Activity —
Once you find the line below that has "Artificial sweeteners, also", output it and every line after it exactly, stopping after the line that has "하이웨이스트 루즈 슬리밍", with no pictures.

Listed entries —

◆ ◆ ◆ ◆ ◆

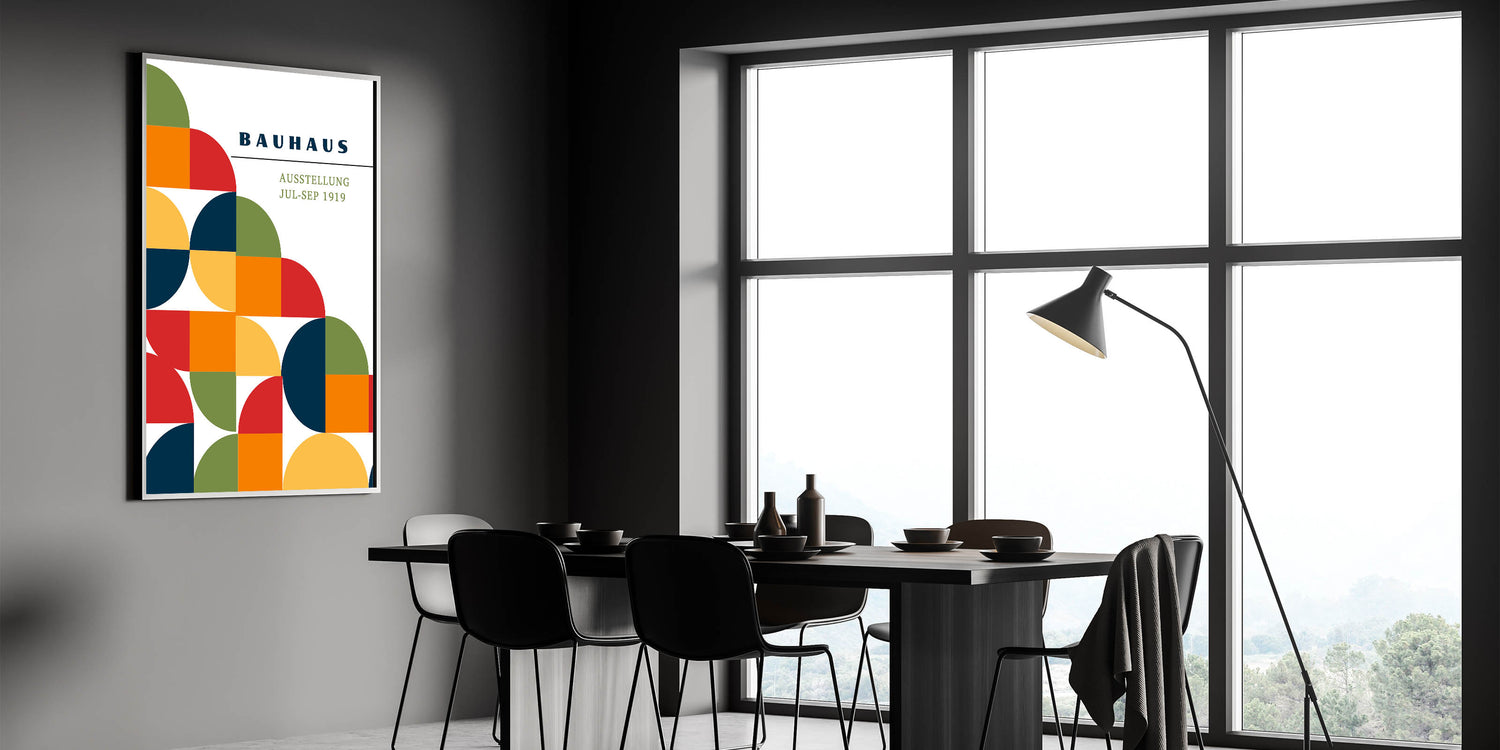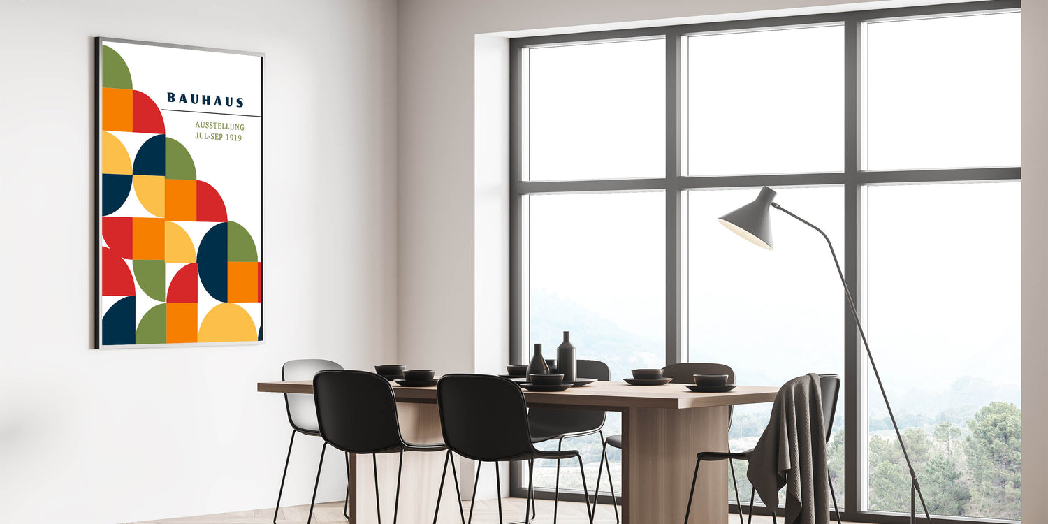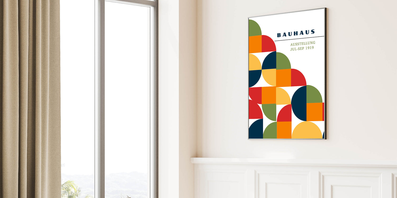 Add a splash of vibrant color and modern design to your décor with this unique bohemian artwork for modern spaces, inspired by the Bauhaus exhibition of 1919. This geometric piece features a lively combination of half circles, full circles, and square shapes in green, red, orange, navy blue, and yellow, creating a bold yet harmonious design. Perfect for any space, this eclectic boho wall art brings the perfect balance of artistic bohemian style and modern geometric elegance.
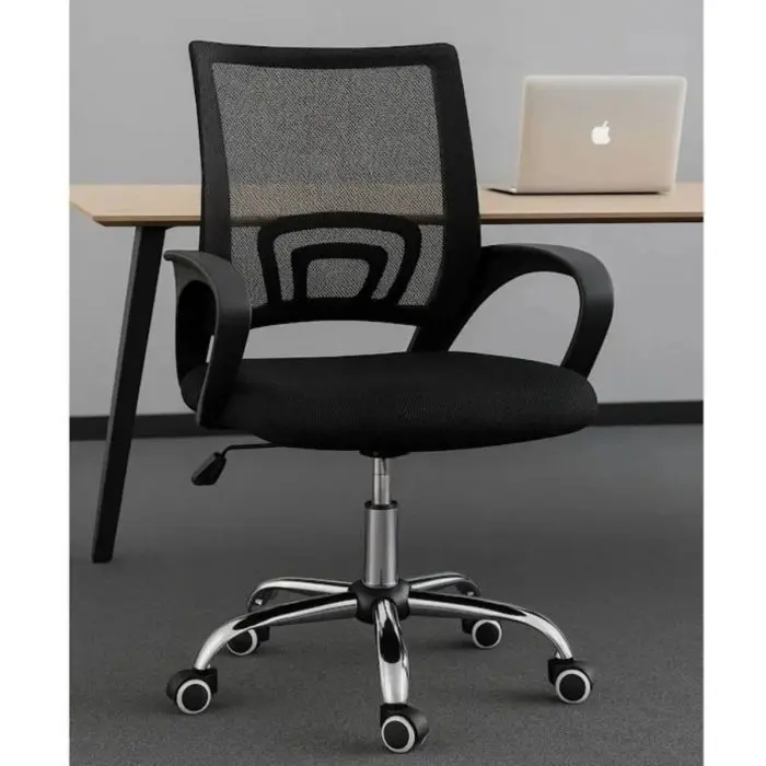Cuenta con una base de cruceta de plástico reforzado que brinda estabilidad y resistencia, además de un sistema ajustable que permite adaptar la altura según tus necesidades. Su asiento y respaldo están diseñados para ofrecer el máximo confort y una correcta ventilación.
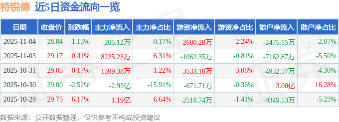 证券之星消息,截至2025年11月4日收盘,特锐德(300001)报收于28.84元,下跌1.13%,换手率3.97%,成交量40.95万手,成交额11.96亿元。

◆ ◆ ◆ ◆ ◆

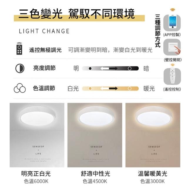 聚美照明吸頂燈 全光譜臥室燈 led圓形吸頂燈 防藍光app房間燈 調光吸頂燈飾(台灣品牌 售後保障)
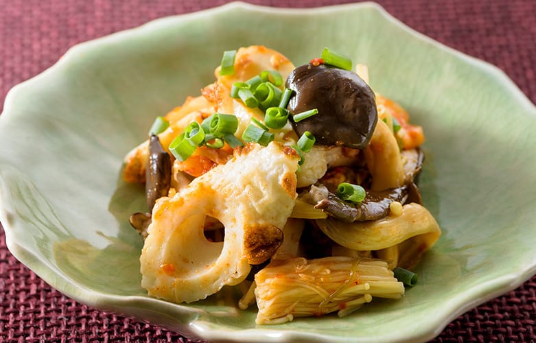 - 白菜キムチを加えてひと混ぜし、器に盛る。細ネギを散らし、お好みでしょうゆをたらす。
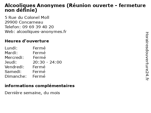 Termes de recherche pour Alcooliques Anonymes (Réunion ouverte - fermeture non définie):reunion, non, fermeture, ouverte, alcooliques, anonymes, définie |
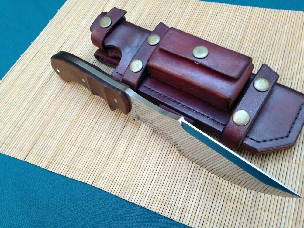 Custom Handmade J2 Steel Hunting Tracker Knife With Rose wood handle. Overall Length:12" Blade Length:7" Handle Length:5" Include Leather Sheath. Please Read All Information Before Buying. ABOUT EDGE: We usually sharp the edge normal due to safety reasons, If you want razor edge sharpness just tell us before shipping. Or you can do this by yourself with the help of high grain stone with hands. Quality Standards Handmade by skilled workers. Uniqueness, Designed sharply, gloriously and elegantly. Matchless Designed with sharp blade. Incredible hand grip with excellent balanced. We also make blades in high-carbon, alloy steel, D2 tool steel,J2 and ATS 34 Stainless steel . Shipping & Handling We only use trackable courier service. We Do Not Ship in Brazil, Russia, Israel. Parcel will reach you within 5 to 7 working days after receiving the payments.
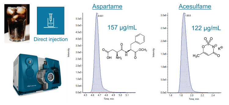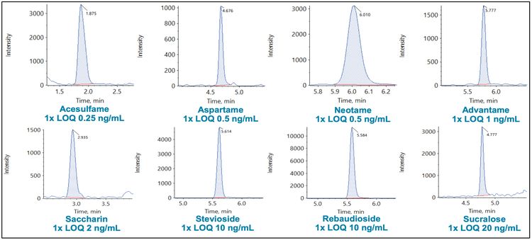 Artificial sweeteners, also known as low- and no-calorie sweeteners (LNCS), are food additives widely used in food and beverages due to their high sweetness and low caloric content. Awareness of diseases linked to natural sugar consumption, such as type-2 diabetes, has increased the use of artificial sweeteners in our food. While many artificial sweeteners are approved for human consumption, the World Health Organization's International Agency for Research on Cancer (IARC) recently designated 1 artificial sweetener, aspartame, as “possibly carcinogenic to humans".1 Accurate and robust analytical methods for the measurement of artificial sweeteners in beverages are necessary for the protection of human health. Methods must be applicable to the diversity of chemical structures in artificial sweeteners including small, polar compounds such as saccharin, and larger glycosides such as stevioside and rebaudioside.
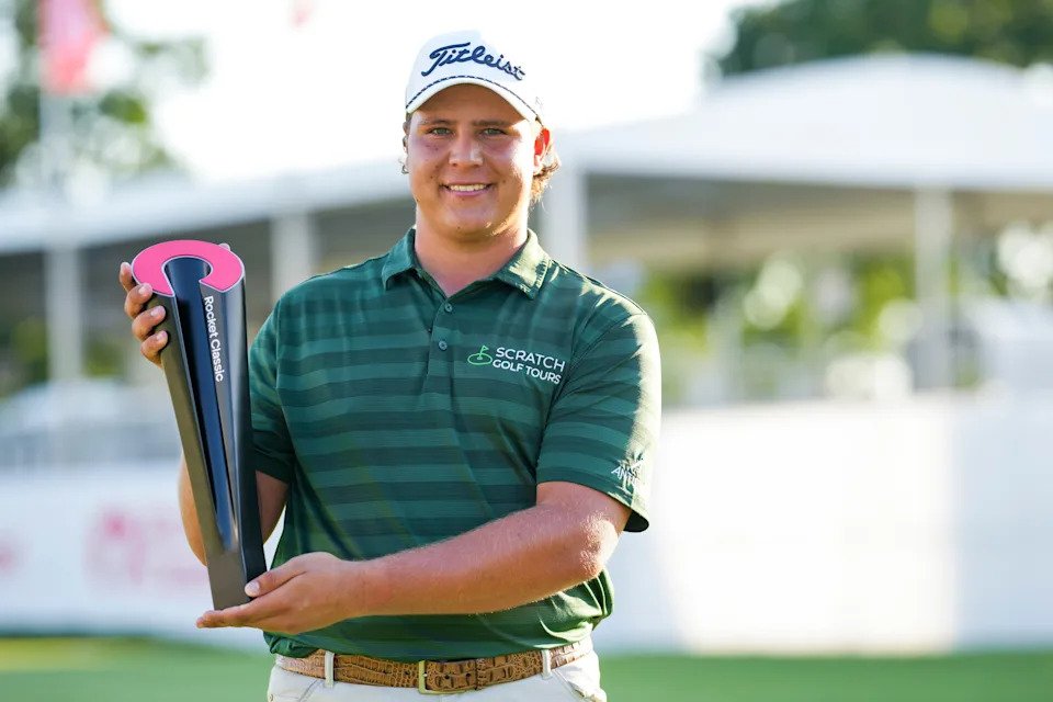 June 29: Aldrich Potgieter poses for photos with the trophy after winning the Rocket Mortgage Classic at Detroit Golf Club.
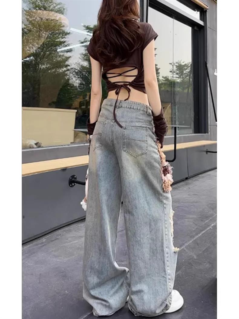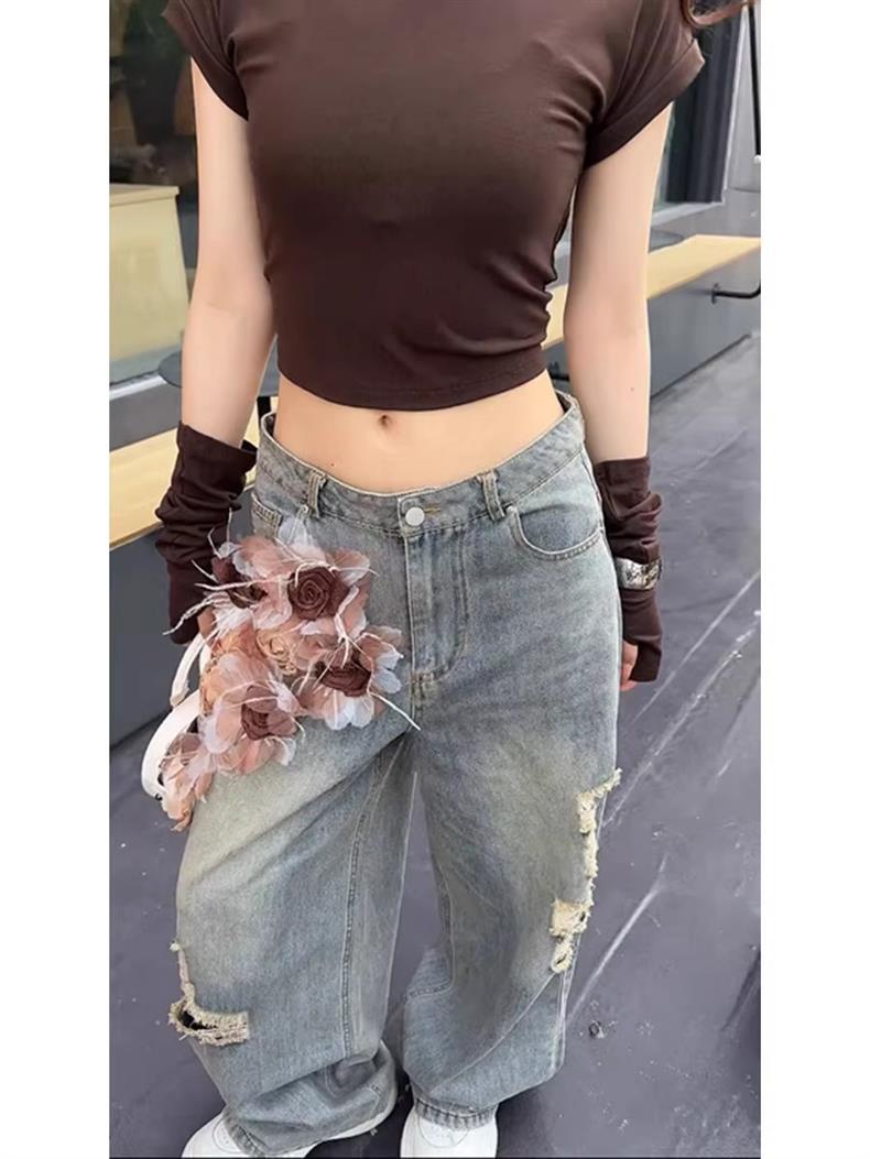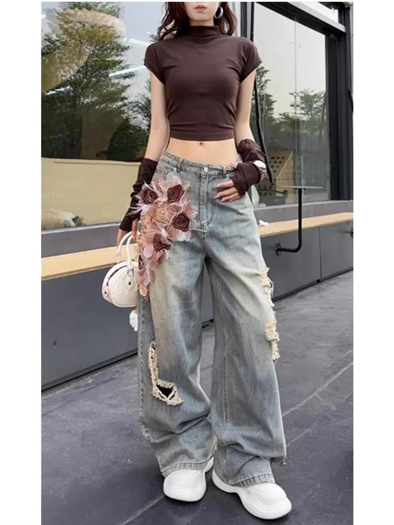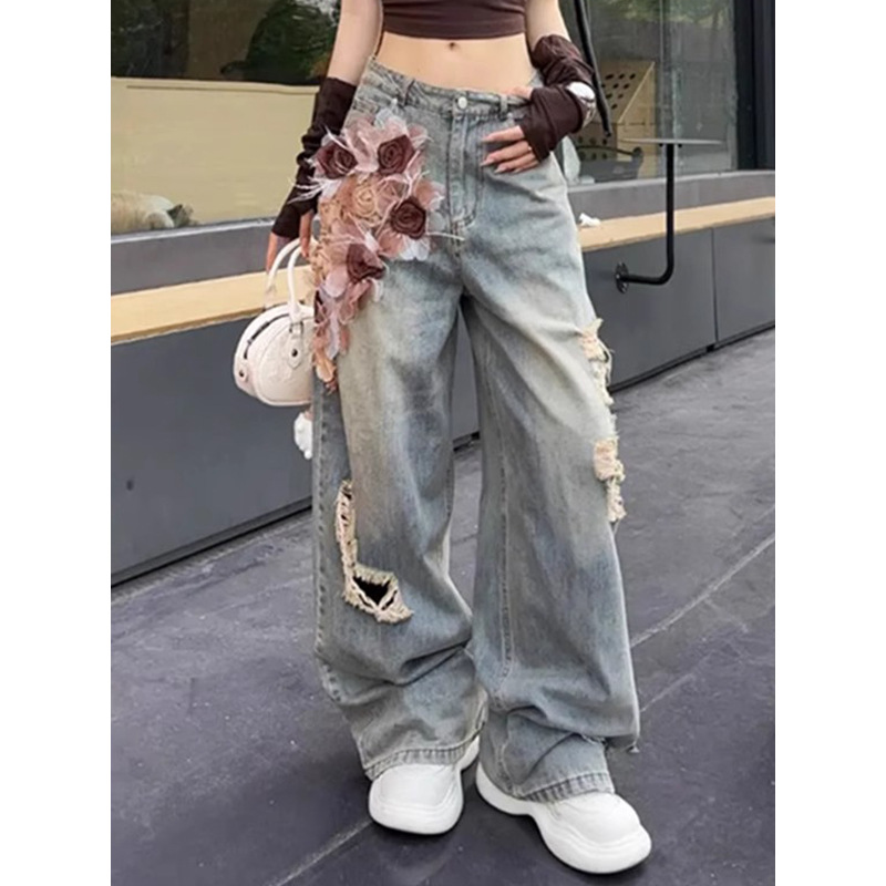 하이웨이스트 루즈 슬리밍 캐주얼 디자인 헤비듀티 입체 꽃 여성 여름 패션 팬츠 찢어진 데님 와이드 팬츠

◆ ◆ ◆ ◆ ◆

Answer for this exercise —
 Artificial sweeteners, also known as low- and no-calorie sweeteners (LNCS), are food additives widely used in food and beverages due to their high sweetness and low caloric content. Awareness of diseases linked to natural sugar consumption, such as type-2 diabetes, has increased the use of artificial sweeteners in our food. While many artificial sweeteners are approved for human consumption, the World Health Organization's International Agency for Research on Cancer (IARC) recently designated 1 artificial sweetener, aspartame, as “possibly carcinogenic to humans".1 Accurate and robust analytical methods for the measurement of artificial sweeteners in beverages are necessary for the protection of human health. Methods must be applicable to the diversity of chemical structures in artificial sweeteners including small, polar compounds such as saccharin, and larger glycosides such as stevioside and rebaudioside.
 June 29: Aldrich Potgieter poses for photos with the trophy after winning the Rocket Mortgage Classic at Detroit Golf Club.
 하이웨이스트 루즈 슬리밍 캐주얼 디자인 헤비듀티 입체 꽃 여성 여름 패션 팬츠 찢어진 데님 와이드 팬츠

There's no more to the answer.